От далекого Терека донесся грохот рвущихся авиабомб. Обвальным огнем крушили ночь глухие удары зениток. По темному небу в отдалении взбрызгивало множество колючих огненных искр. Трепетные клубки взрывов относило в сторону тыла противника.
— Вот это здорово, слышь! С оживлением вскрикнул Бугаев.
— Чему ты радуешься? — удивился Симонов.
— Нет, вы обратите внимание. Дают жару, а? — восхищался Бугаев. Какая фантастическая картина!
— Товарищ майор, вас к телефону, — крикнул телефонист. — Из полка просят.
Едва коснувшись ухом телефонной трубки, Симонов сразу узнал возбужденный голос гвардии майора Булата.
— Симонов, ночка, ночка-то хороша, а?
— Не имею оснований радоваться. В чем дело?
— Эх, ты — тоже!.. Наши бомбили немцев у Микенской. И знаешь, по чьим данным?
— Нет, не знаю.
— Рождественский на полном разбеге! Действует наша разведка!
— Ну-у! — радостно закричал в трубку Симонов.
Положив телефонную трубку, он потянулся рукой в карман за кисетом, молча улыбаясь.
Ночь закончилась спокойно, штаб батальона по-прежнему находился вблизи хатенки с проломом в стене. Наступил жаркий удушливый день. Симонов читал газету, сидя на пороге домика, словно глотая горячий воздух. К нему подошел санитар, протянул записку, сложенную треугольником.
— От военврача Магуры, — пояснил он. — Она просила ответа. Разрешите ожидать?
— Не будет ответа, — громко сказал Симонов, но сейчас же спохватился и поспешил смягчить свой тон. — Идите в санпункт, письменного ответа не будет.

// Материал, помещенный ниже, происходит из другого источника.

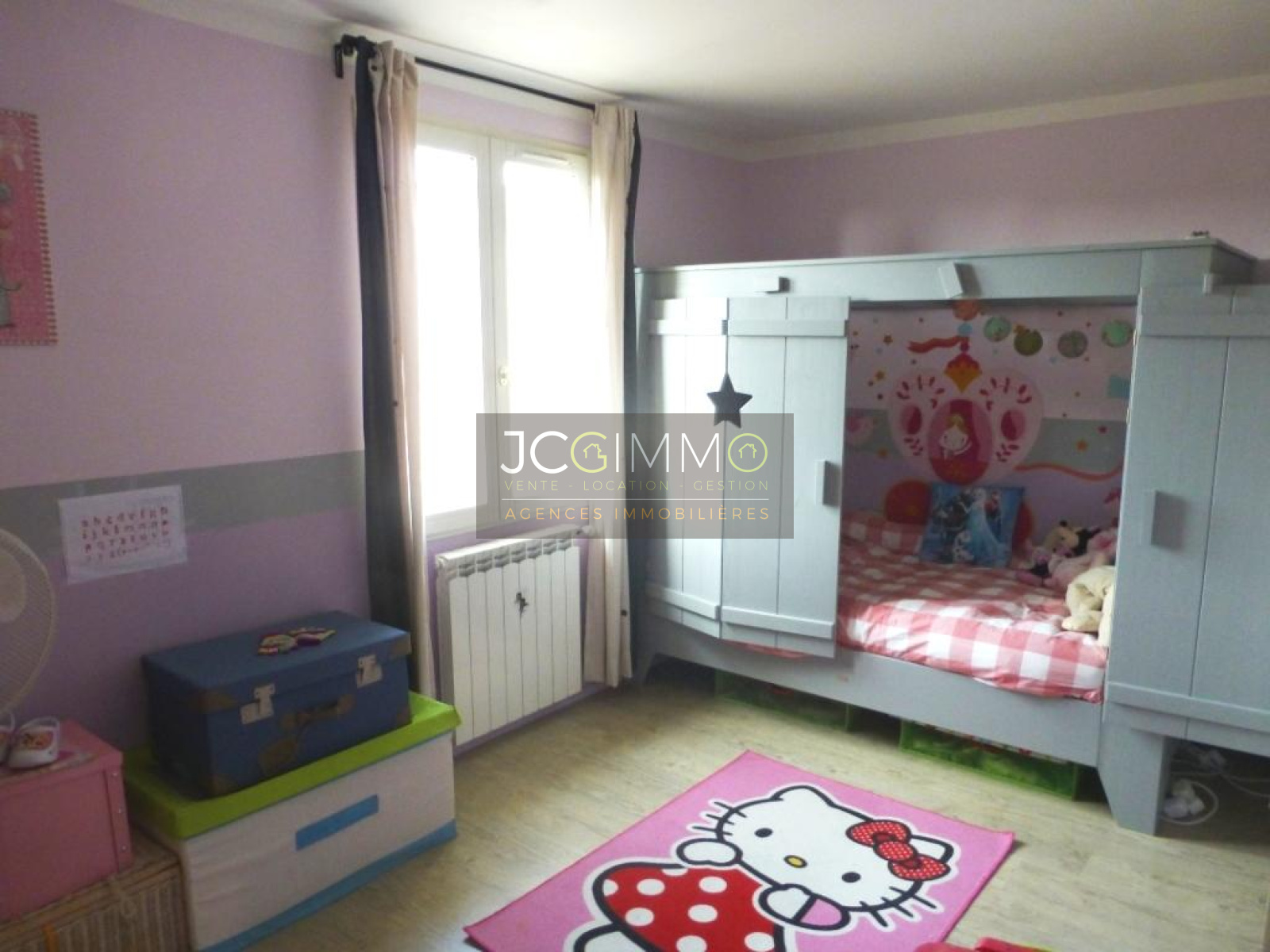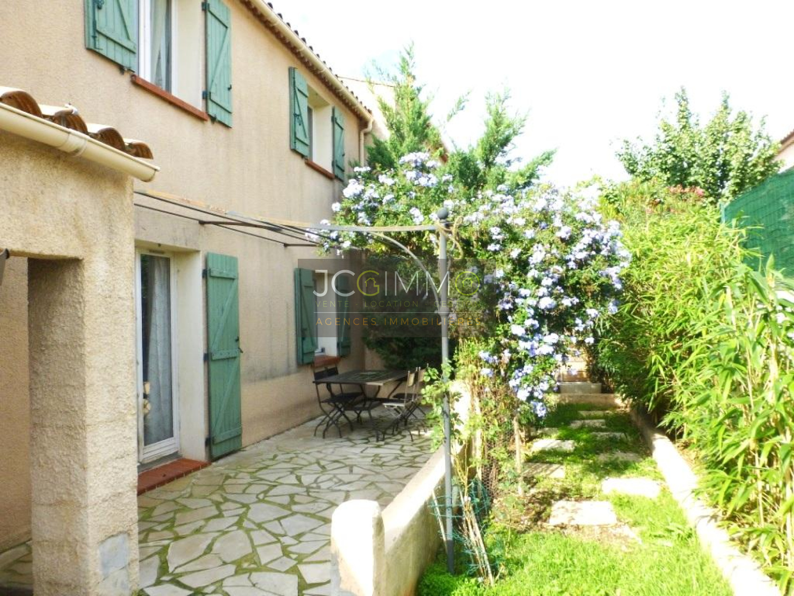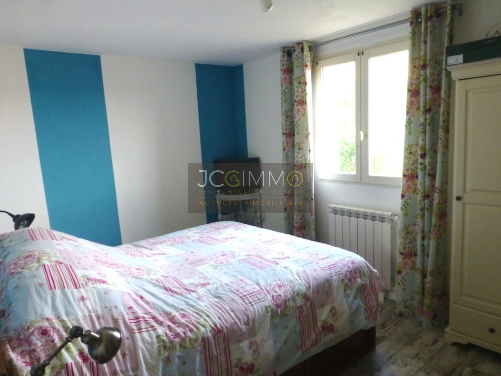 SOLLIES-PONT: Au calme et proche des commodités, villa T5bis mitoyenne d'un côté comprenant au rdc: salon séjour avec cheminée insert, cuisine aménagée et équipée, 1 bureau, salle d'eau avec wc intégré. A l'étage: 4 chambres, une salle de bains et WC séparé. Grand garage + place de parking intérieure, 2 terrasses Est et Ouest. Jardin clos de 218 m².
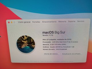 Apple iMac de 27 " i7 2.93 Ghz, Big sur (open core patcher) Grafica: Quadro k610M (1 gigas) Ram : 8 gigas( ampliable hasta 32) Disco Solido : 120 gigas ,Ideal como Pc de casa , ofimática( básica)navegar , ver Tv Tarjeta wifi dual band 5G Office (Word,Excel,power point,Excel)Activado de por vida. Acrobat DC Profesional Activado de por vida. En buen estado. Sin teclado y sin mouse. Testeado y funcionando al 100%, Solo tienes que encender y utilizarlo.
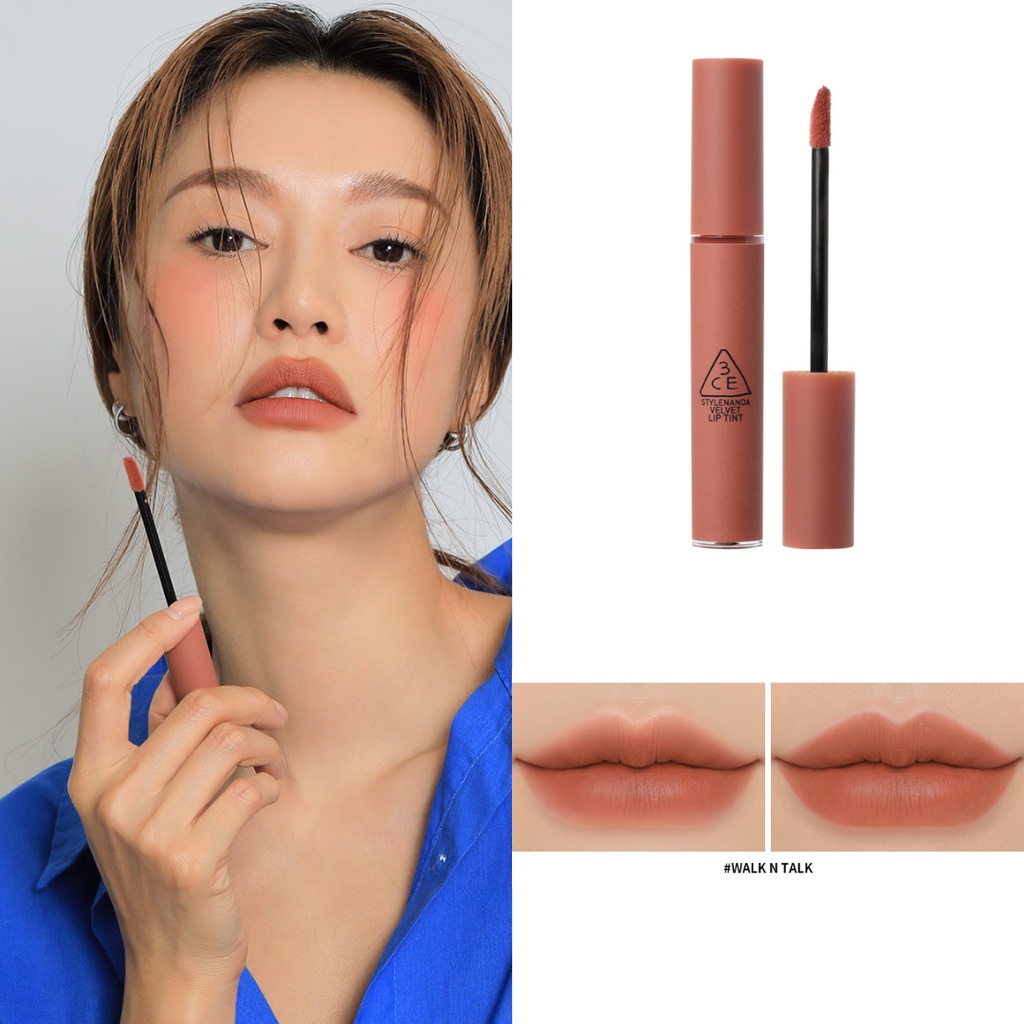 3CE Velvet Lip Tint 4g with a sleek, velvety finish comes in glamorous shades ranging from neutrals and muted pinks to bright red and bold tones. A velvety matte texture that amplifies the subtle, rich MLBB shade, completing an edgy lip look. Velvet lip tint incorporates an oil-packed formula specially made to deliver a vivid and velvety matte texture. When this tint is applied, the lips are first encased with a layer of oil upon which pigments gently melt, resulting in a dewy sensation with a matte finish. Oil ingredients may separate during use. This is a natural process and does not affect the formula or texture.
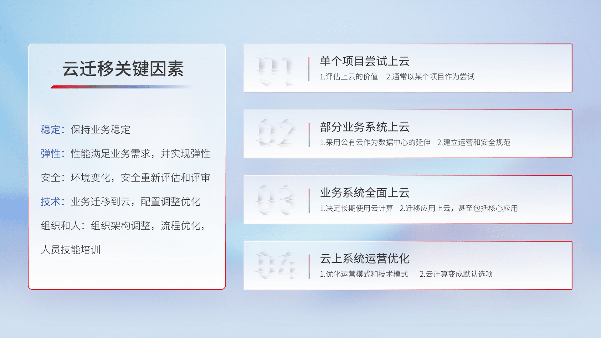 结合实际业务,,,,从规划设计、、云平台选型、、、、云原生改造、、数据迁移、、、、集成交付,,,迁移全过程为客户识别最佳上云路径,,,做好风险识别管理,,设计网络架构、、、身份权限、、、、安全审计合规、、操作审计、、、日志审计、、、监控告警策略、、、、多站点容灾设计等,,,,对云上基础设施进行整体规划,,,,提升IT治理水平,,以满足弹性、、高可用、、、高性能的需求。。

Как только санитар ушел, Симонов прочитал записку: «Товарищ гвардии майор, — писала Магура, — имеете возможность увидеть интересного человека. Срочно приходите, жду. Магура».
Симонов поймал себя на том, что ему не безразлична эта записка. «Ладно, нечего упорствовать, — подумал он, — выяснить надо наши отношения, чтобы до конца все было».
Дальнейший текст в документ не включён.